Coincidence
The year has begun with a challenge. My resolution had been simple: “More meaning, less bullshit.” When I said this out loud, the comma must have gotten lost. Two weeks into 2023, the theme seems to be “More meaningless bullshit.” What to do?
First week of engaging with university busywork, and I ended up becoming a fly in other people’s intricate and sometimes not-so-sophisticated webs. Insecurity, suppressed aggression, and deliberate dismissal… which must be negotiated as one dances the dance of administrative emptyhanded kindness. Apparently, every academic soon becomes a people manager (yes, please let me be your projection surface for whatever issue is at the backseat of your personality slash development!). Goodness knows, when I look at my senior colleagues, this shall get worse with promotion. No wonder people begin to detach. No time to think, ironic for a philosopher. Hell is other people, Sartre said. Well, I had a hell of a week.
I started reading the Bhagavad Gita. One part sprang at me.
You have a right to your actions,
But never to your actions’ fruits.
Act for the action’s sake.
And do not be attached to inaction.
Self-possessed, resolute, act
without any thought of results,
open to success or failure.
It hit me. Over the head. Bluntly. Yes, this feels right. But, say, what is my action, what is the source of my action? I always directed my action with goals. Goals are not results, however. And while I had pinned my goals on results, this week, some of them came crashing down with meaningless bullshit. Sometimes the hell of other people is seated deeply in your own.
This morning I felt nothing.
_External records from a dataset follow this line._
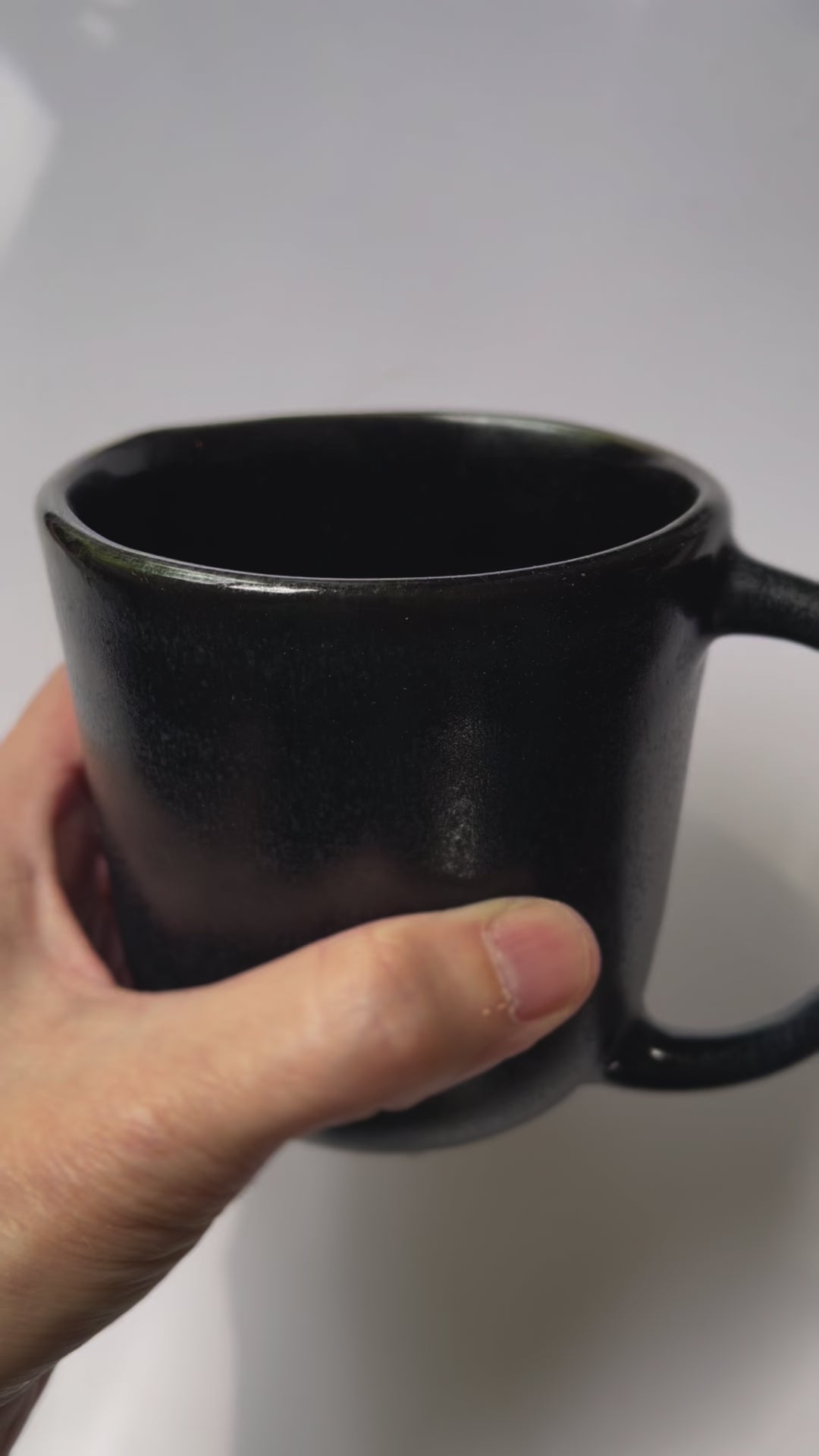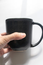 Make your morning coffee time a little more elegant with this striking, bold and beautiful black ceramic coffee mug. This mug is sure to become your favorite piece with a wonderful grip. Makes a great gift for a coffee lover too! This minimalist piece of stoneware pottery features a charcoal black matte glaze that is food, microwave and dishwasher safe.
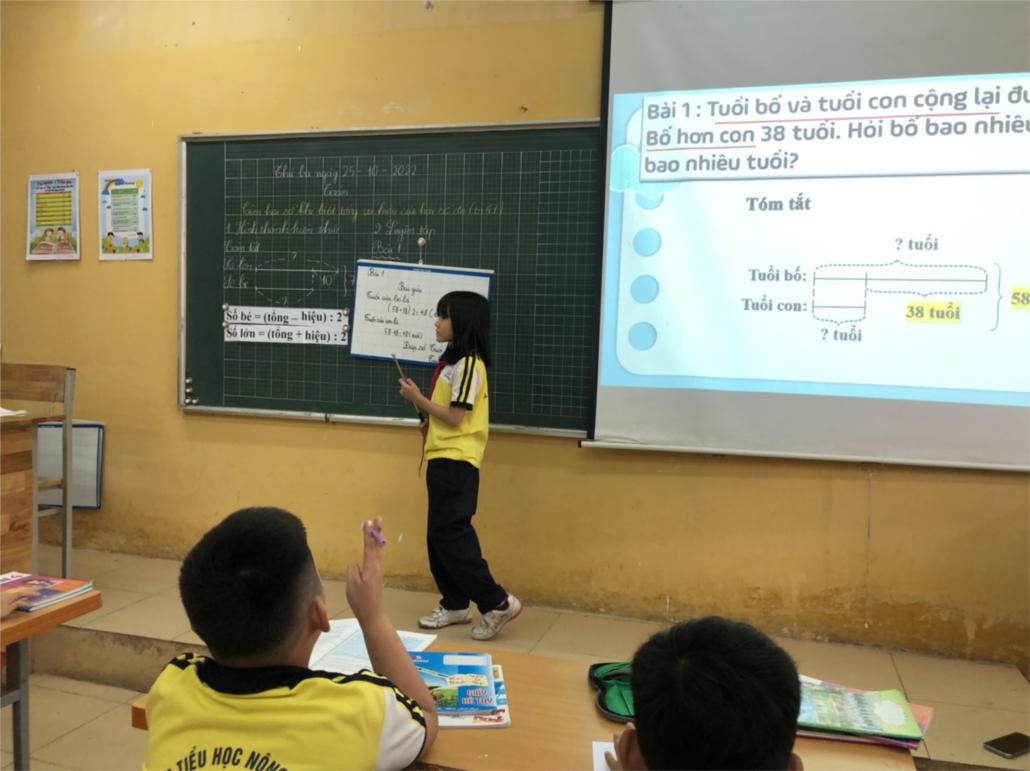 Sáng 25/10/2022, cô giáo Nguyễn Thị Ngọc Ánh cùng các con học sinh lớp 4B đã thực hiện tiết hội giảng môn Toán bài Tìm hai số khi biết tổng và hiệu của hai số đó. Đây là một kiến thức mới đối với học sinh lớp 4. Tuy nhiên với sự sáng tạo và chuyên môn chắc chắn của mình, cô giáo Nguyễn Thị Ngọc Ánh đã từng bước giúp học sinh biết cách phân tích đề bài, xác định số lớn, số bé, tổng và hiệu của hai số. Từ đó cô giáo đã hướng dẫn học sinh các bước giải bài toán và trình bày bài giải. Sau tiết học, học sinh đã nắm được cách giải bài toán Tìm hai số khi biết tổng và hiệu của hai số đó. Một số em đã mạnh dạn trình bày bài làm của mình trước lớp.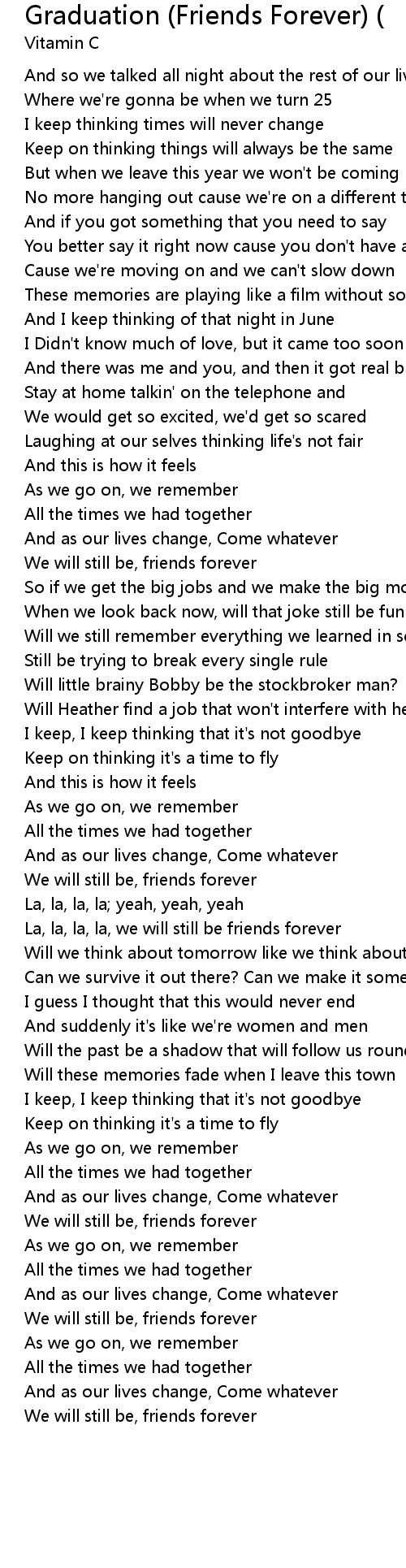 La, la, la, la, we will still be friends forever |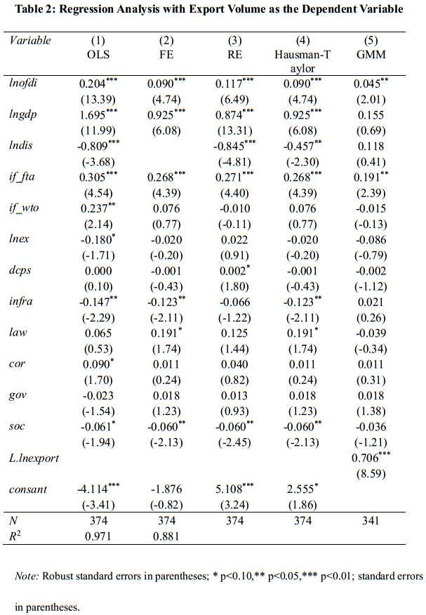 其中第一个扩展的引力模型用于分析中国对一带一路国家的直接投资对贸易深度边际(出口总量)的影响。第二个扩展的引力模型用于分析中国对一带一路国家的直接投资对贸易广度边际(出口产品种类数量)的影响。
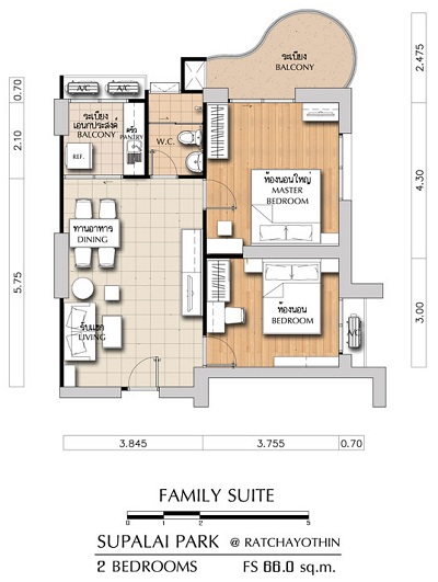 | ลักษณะห้องและขนาดห้อง | Studio, 1 Bed, 2 Bed, ห้องชุดร้านค้า |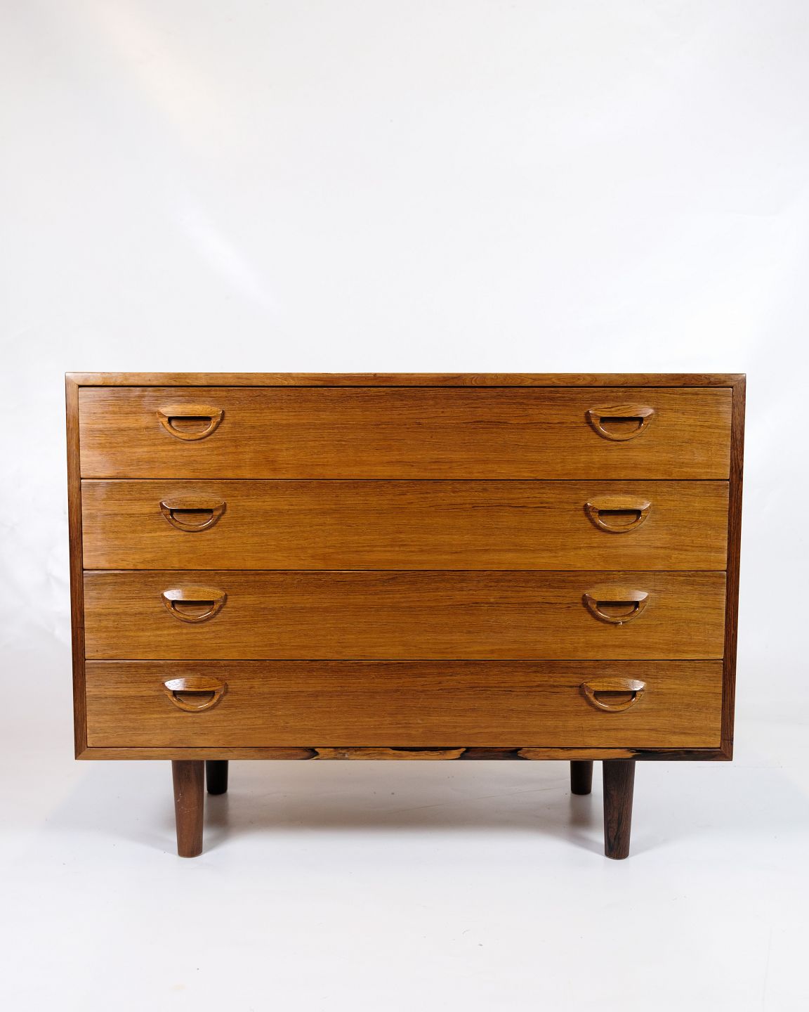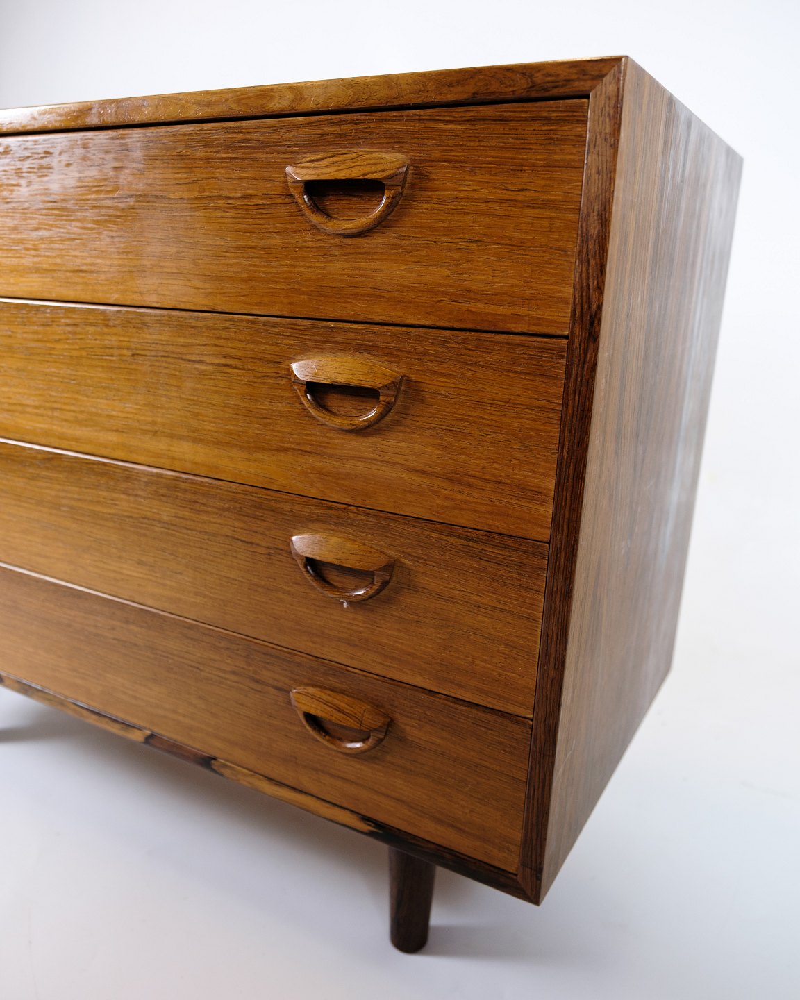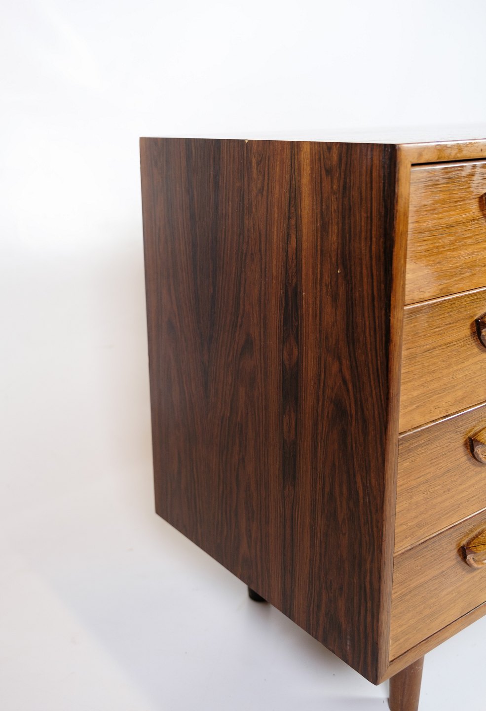 Kommode med 4 skuffer og runde ben. Udført i palisander fra 1960erne og designet af Kai Kristiansen. Kai Kristiansens design er kendt for sit fokus på funktionalitet, enkelhed og den håndværksmæssige kvalitet af møblet.

The alarm rang, and my monkey mind soon began whirling about things that connected the experience of this week with anticipations of the coming one. This day was supposed to be about getting back to the driver of my spirit: thinking about the things that excite me, back to my own research.
Make coffee. Sit down. Nothing.
I received a note. A colleague sent me a paper draft. Just what I needed.
No, really, it turned out to be just what I needed.
Halfway through the draft, I had forgotten about my monkey mind. I wanted to go for a walk and think. My mind was self-possessed, resolutely centered on the joy of thinking, bringing various strands of ideas together to formulate related ideas and questions. It acted. Without any concern about the reception of its action. It acted for its own action.
In this week’s enormous heap of meaningless bullshit, it lay hidden: More meaning, less bullshit.